Не верилось, что из такого шпингалета мог вырасти здоровенный директор школы. А Роберт Иванович так расчувствовался, платок носовой достал и долго в него сморкался.

— Ты представляешь, что ты нашёл? — мне говорит. — Это же фотолетопись школы с тысяча девятьсот сорокового по тысяча девятьсот пятидесятый год! Ты представляешь, какие тут материалы?! Этот альбом был вывезен вместе с ребятами из блокированного Ленинграда по зимней Ладоге, был на Урале, вернулся! Ты большущий молодец! Как твоя фамилия?

— Макаров! — отвечаю. — Шестой «а»!

Вот ведь как получается! Я думал, мне головомойка предстоит, а оказывается, я — большущий молодец! Хотя знал бы директор, как ко мне этот альбом попал!

— Где ты нашёл, — спрашивает он, — этот удивительный документ?

Ага! Как же! Так я и сказал, где нашёл!

— В макулатуре! — говорю. Не станет же он спрашивать, где я макулатуру нашёл.

— Вот что значит ко всему внимательно относиться! — говорит директор.

— А в Швеции… — один очкарик встрял. Ему, наверно, завидно стало, что меня директор хвалит. — А в Швеции есть целый музей из вещей, найденных на свалке. Там всякие рукописи, первая лампочка Эдисона, первые печатные машинки…

Тут ещё одному, дылде такому, из шестого «б», захотелось, чтобы его похвалили. Он говорит:

— Первую лампочку не Эдисон изобрёл, а Яблочков!

— Вот и нет! — ещё один умник нашёлся. — Не Яблочков, а Ладыгин. Сам ты Яблочков!

— Подождите, подождите! — говорит Роберт Иванович. — Как ни заманчиво открыть такой музей, но всё же давайте говорить о деле… Значит, так: нашей школе скоро сто лет. Что бы нам такое придумать к юбилею, тем более что у нас есть такая замечательная фотолетопись?

Что бы нам придумать?

До чего я люблю эти наводящие вопросы — прямо обожаю! Главное директор сказал и вид делает, что усиленно думает, а все уже давно догадались, к чему он клонит, но тоже делают вид, что думают, — надо же человеку приятное сделать!

Вдруг малявка, которая про чучело талдычила, как бабахнет:

— Надо выпустить рукописный журнал!

Я даже удивился, но потом подумал, что она это нарочно сказала! Я тоже так люблю на эти наводящие вопросы бухнуть. Например, на новогодней ёлке затейник кричит:

Кто подарки нам принёс?

Наш любимый дед…

А я изо всех сил как крикну: «Склероз!» Вот и она вроде этого. Но поглядел на неё — она глазёнками голубыми хлопает — дура дурой! Неужели, действительно, сообразить не может, чего от нас директор добивается?

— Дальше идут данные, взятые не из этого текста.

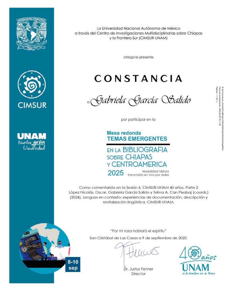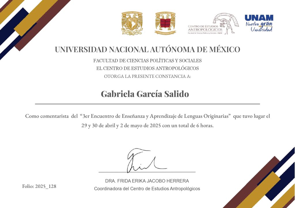 2025, comentarista, “3er Encuentro de Enseñanza y Aprendizaje de Lenguas Originarias”, modalidad presencial, Centro de Estudios Antropológicos, FCPyS-UNAM, 29 y 30 de abril y 2 de mayo de 2025, con una duración de 6 horas.

— Нужно, — говорю, — организовать поиск людей, которые учились в нашей школе, по этим фотографиям!

— Да! — кричит Роберт Иванович. — Это замечательная мысль. Вот…

— Макаров, — говорю. — Шестой «а».

С первого раза, конечно, мою фамилию запомнить невозможно!

Тут дверь как распахнётся — и влетает завхоз. Красный, как огнетушитель, глаза безумные, по кабинету заметался, во все углы заглядывает.

— В чём дело, Андрей Лукич? — директор спрашивает.

— Убёг! Шахтёр убёг!

Я скорее к нему спиною стал и — как из пулемёта:

— Организуем поисковые группы, отыщем интересных людей… — И сам всё так поворачиваюсь, чтобы меня Лукичу видно не было, словно хочу директору в рот прыгнуть. — Рассказы интересных людей будем записывать на плёнку…

Роберт Иванович прямо заслушался.

— Верно! Верно! — поддакивает. — Андрей Лукич, вы не могли бы попозже, видите, у нас заседание кружка красных следопытов?

— Ага! — вздыхает Лукич. — Что за дети пошли! Ничего не боятся. Конечно! Разве его теперь найдёшь! — И выкатился из кабинета.

— Так! — хлопнул по столу рукой директор. — Вот…

— Макаров, — говорю, — шестой «а».

— Вот Макаров предложил интереснейшее дело! Давайте посмотрим сейчас альбом и наметим пути поиска!

Тут все к альбому бросились. Только я собрался смыться под шумок — не стану же я какой-то ерундой заниматься, — тут директор всех остановил:

— Постойте! Председателем нашего кружка предлагаю избрать Макарова из шестого «а».

Надо же, запомнил! Лучше бы не запоминал!

— Не! — говорю. — Я не могу председателем! Я всю работу завалю!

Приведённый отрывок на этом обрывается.